Bona Film and Zhong Ying Xing Da both received licenses in December, company representatives confirmed to Caixin, shortly after the film regulator issued a new opinion on how to speed up the sector’s prosperous development. Some observers interpreted the regulator’s move to create strict criteria for new licenses as aiming to promote consolidation after years of explosive growth.
China had more than 58,000 cinema screens at the end of last year, up more than 40% from just two years earlier, according to EntGroup.
The nation is the world’s second-largest movie market, behind only North America, feeding off a growing middle class with a taste for high-quality entertainment. But the country’s box office growth slowed sharply to 9% last year, less than half the rate in 2017, leaving a large number of theaters idle because of overbuilding.
In the first 10 months of 2018, nearly 300 cinemas closed in China, according to Top Consulting. And in August, September and October last year, 2,100 theaters – about a fifth of the national total – had no recorded box office revenue.
Strict requirements in the new guidelines, including minimum thresholds for box office receipts, mean that more than half of the country’s current movie theater operators can’t qualify for new licenses. Of 48 operators at the end of 2018, 26 had less than 500 million yuan ($74.5 million) in annual box office revenue.
One observer said that seven companies were rumored to have received new licenses, though many major players contacted by Caixin couldn’t confirm that.
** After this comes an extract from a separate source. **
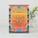 C'est de la parties scintillant en or FAUX. Joli et coloré Faire-part de mariage mexicaine Fiesta avec des fleurs vives et des maracas contre un arrière - plan de tapis aztèque, avec une fausse parties scintillant d'or en arrière. Beaucoup d'éléments correspondants pour vous mariage sur cette conception
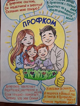 На конкурс было представлено 17 плакатов из разных ППО. По итогам конкурса 1 место получил плакат члена Профсоюза А.Н.Федоровой (ППО «Каргилл»), подчеркивающий роль Профсоюза в поддержке семьи.

A representative of UME, one of the cinema operators , did confirm that the company applied for a new license but couldn’t confirm whether it had actually received one.
Some analysts said the new licenses could allow current operators like Bona to consolidate operations under a single brand. Bona operates about 100 theaters, two-thirds of them self-developed and the other third acquired, with plans to open 25 more this year. The company is also engaged in film production and distribution.
Bona was previously listed in New York but privatized in 2016 amid a broader wave of delistings by Chinese companies that thought they were undervalued by American investors. It is now preparing to relist on one of China’s domestic stock markets. Bona is pulling together its production, distribution and cinema operation permits and licenses to make itself into a full-service company.
“In this way, Bona will have a good story to tell to the markets,” said one observer from the real estate investment part of the industry. “It will be unified from the perspective of brand and operations, which should help its listing.”
Others said benefits of the new licenses would be less obvious for operators that aren’t planning to list.
One of the most hurting players is SMI Holdings Group Ltd., which operates the Stellar Cinemas chain that was China’s fourth-largest at the end of 2017. After months of speculation about financial difficulties, the company was forced to come clean on debts of at least $60 million in unpaid wages and rent, and to close 140 of its 320 cinemas late last year.
Another operator, Perfect World, was forced to close some of its theaters last year after coming under financial pressure.